The Second Chance app from University of Washington investigators is seeking FDA consideration in the near future.
Photo courtesy of the University of Washington
The first device designed to monitor and connect overdosing patients with emergency medical services (EMS) is being prepped for US Food and Drug Administration (FDA) consideration.
The Second Chance mobile app, a brainchild of investigators at the University of Washington (UW), would use sonar monitoring to detect opioid overdoses through user’s breathing rates. In data published on Wednesday, the team—co-led by Jacob Sunshine, MD, assistant professor of anesthesiology and pain medicine at the UW School of Medicine—reported the app can accurately predict overdose-related symptoms approximately 90% of the time.
Real-world research into the app’s algorithm and design was co-hosted by supervised injection facility Insite, in Vancouver, BC. Participants wore monitors on their chest to track breathing rates, then were asked to prepare their own injection drugs. During their preparation, investigators monitoring their breathing rate for a baseline value. Following injection and the 5 minutes afterward, they were monitored for overdose symptoms.
Among the 94 participants tested, 47 (50%) reported a breathing rate of 7 breaths per minute or less, 49 (52.1%) stopped breathing for a significant period of time, and 2 (2.1%) experienced an overdose event that required oxygen, ventilation, or naloxone treatment.
The app is also capable of tracking a person’s breathing from up to 3 feet away, meaning overdosing people may not need to have their phone on their person during an event to receive help.
Sunshine said the app uses 2 precursors to assess overdoses: a person’s stopped breathing, and their breathing rate dropping to 7 breaths per minute or less. He explained to MD Magazine® that legislative and clinical responses to overdoses due to the opioid epidemic have improved how patients are identified and how they are treated.
What’s been lacking is aide between these 2 events: when overdoses occur in identified at-risk persons, in unmonitored places.
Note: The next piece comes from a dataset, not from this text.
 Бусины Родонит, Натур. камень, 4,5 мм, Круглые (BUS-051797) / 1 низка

“The big challenge with the opioid epidemic is people experiencing overdoses in unwitnessed environments, leading them to die,” Sunshine said. “We know how to identify the problem and how to treat it, but the problem has been connecting those 2 in a timely fashion.”
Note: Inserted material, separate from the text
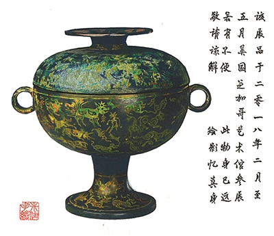 據了解,用繪畫作品代替外出參展的國寶文物,在故宮還是第一次,以往只是在空空的展柜里立個牌子說明,現在的做法顯然更人性化。令人驚異的是,這些畫的作者并非畫家,而是故宮博物院研究員、古器物部金石組組長、著名的青銅研究鑒定專家李米佳先生。“別人在故宮修文物,我是在故宮畫文物。”李米佳笑言。
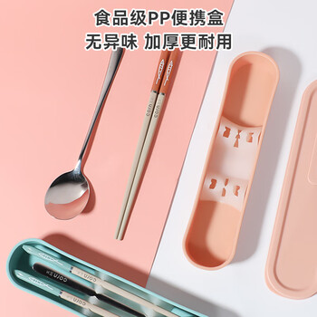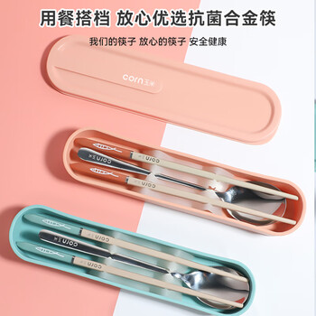 玉米(CORN)便携餐具儿童筷子勺子套装小学生外出一人用合金筷勺三件套收纳盒

Sunshine pointed to the FDA’s advisory panel voting in favor last month to recommend a co-prescription of naloxone with opioids on the latter therapy’s labels. The decision was intended to at least incite dialogue between physicians and patients about the addictive and overdosing risks associated with painkiller medicine.
In Sunshine’s vision, the Second Chance app would serve as a second co-prescription with opioids.
“This technology applies to any of those people prescribed opioids, or any of their friends or family members,” he said.
Sunshine noted the effects of the opioid epidemic on his own region of Washington state is similar to that seen throughout the country: a mixture of addiction patients mixing drugs with fentanyl for a high, as well as chronic pain patients succumbing to the additive effects of their prescribed therapy. His team’s app would service these 2 groups slightly differently.
“For the former group, want to add functionality that connects patients with medication-assisted therapy, naloxone, counseling, additional help,” he said. “For those who may not have a primary care physician, we want to have a way that connects them to health services. This could be something of interest for extremely at-risk populations, including pregnant women with opioid use disorder (OUD).”
Care providers would be able to refer patients with OUD or a prescription to opioid pain therapy to the app, in the event of an overdose—regardless of the patients’ intent of drug use. Sunshine noted its common for patients with chronic pain taking a prescribed rate of opioid therapy accidentally triggering overdose symptoms when adding sleep therapy to their regimen.
The team is currently in the process of compiling its application for an FDA 510(k) clearance, and Sunshine added their efforts are ensuring the technology is “rigorously evaluated” prior to vying for marketing.